Fourth, which normal distribution? Well, one that has a mean of 0 and a single population variance, which we will call σ².

So so last three points make up our key distributional assumptions about the errors, that:

1. errors are independent of each other

2. errors are normally distributed with a mean of 0

3. errors have constant variance.

But wait. What about Y’s distribution? Doesn’t Y have to be normal?

Really, it doesn’t.

I think this concern comes from a few different similar but not quite the same assumptions in statistics.

Normality in Pearson correlation

One is that for a Pearson correlation coefficient, both Y and X need to be normally distributed.

That’s not true in linear models. For example, it’s totally fine in regression models to have a binary, dummy-coded X. You can’t do that in Pearson correlation. (Or rather, if you do, it turns into a point-biserial correlation, but that’s another story).

But while there are similarities and connections between Pearson correlation and simple linear regression models, they really are distinct.

Partly because linear models have distinct roles between Y and X. Correlations don’t.

And partly because linear models can do a lot more. We can incorporate multiple Xs, interactions, dummy coded categorical predictors. And when we do that, we just need to make sure the errors are normally distributed. Not Y.

Normality in t tests

Another similar but not quite the same assumption is for t-tests and one-way ANOVA. These tests assume that Y is normally distributed within each group. Not Y overall, across all the groups, but within a group. This turns out to be a key distinction.

How can ε be normally distributed if Y isn’t?

Well, ultimately, it’s because Y’s distribution is affected by X.

Here’s a great example of a data set where Y is negatively skewed. This is birthweight in pounds, and you can see a clear tail extending to the left, due to a few low birthweight babies.

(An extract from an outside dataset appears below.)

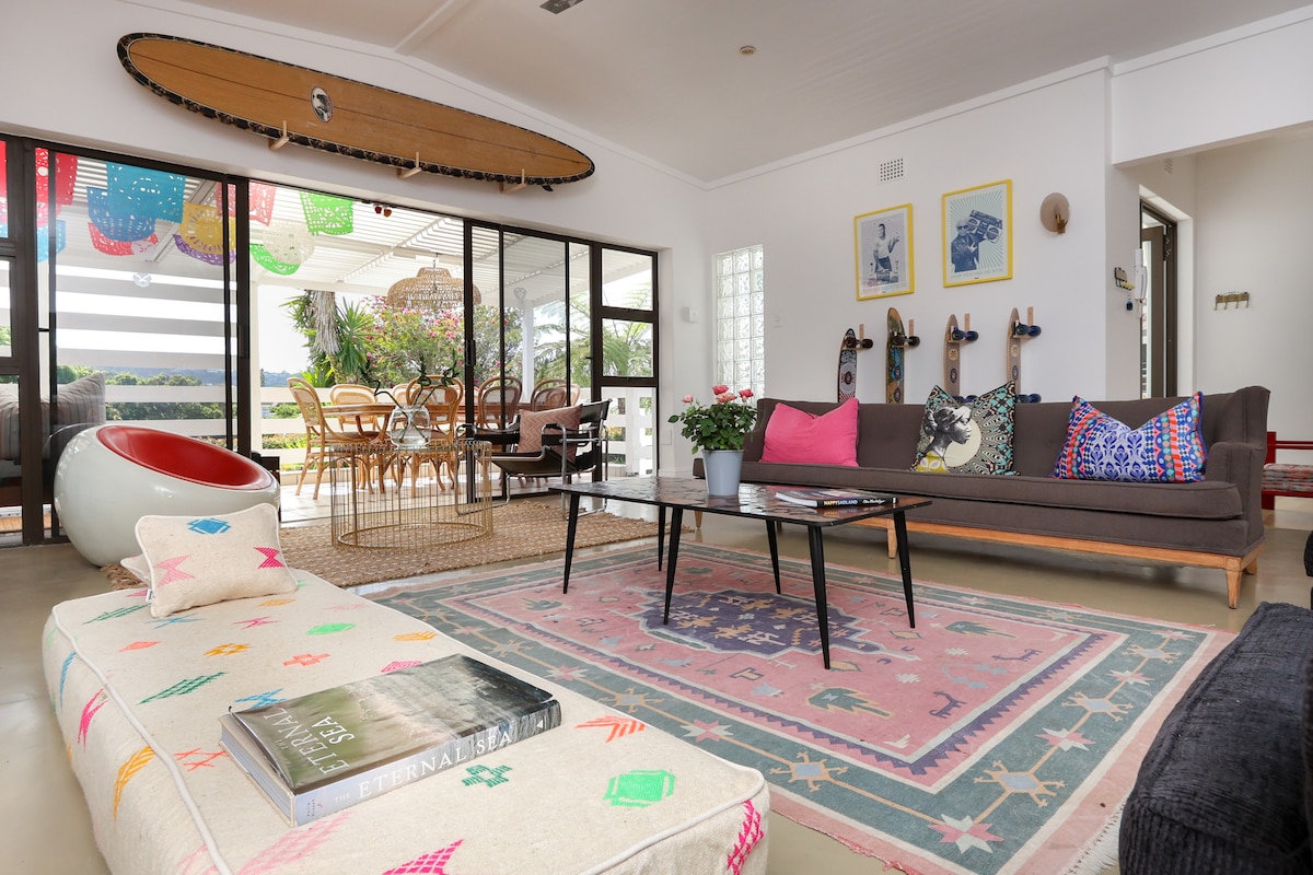 Plett's newest, funnest holiday rental in Seaside Longships, just 400m from the beach, is here! Surf, climb, and connect in a creative, comfy house for up to 8 people. The house has four bedrooms, 2 of them en-suite. A huge open living room and a fully equipped kitchen. Our beautiful indoor pool will have you swimming all year around - and our huge outdoor spaces are a mix of beautiful garden and comfy equipped decking. In the basement you'll find the gym, boxing bag and climbing board.

And if you look at it’s Normal QQ plot, you can really see those outliers on the low end.

But if we regress Birthweight in pounds, Y, on Weeks of Gestation, X, the errors don’t have that skew.

Y_i = β₀ +β₁Gestation_1i + ε_i

In other words, once we account for the fact that birthweight is related to weeks of gestation, we no longer have that long tail. There is a long tail in Y overall, but not in the distribution of points around the regression line.

Those low birthweight babies are univariate outliers, but not bivariate outliers. This is the beautiful normal distribution of the errors:

I mean, you can’t get a more perfectly straight line on a QQ plot that that!

The distribution of Y|X

As it turns out, the distribution of Y|X is the same as the distribution of the errors (as long as other assumptions hold). Y|X, remember is Y at a specific value of X.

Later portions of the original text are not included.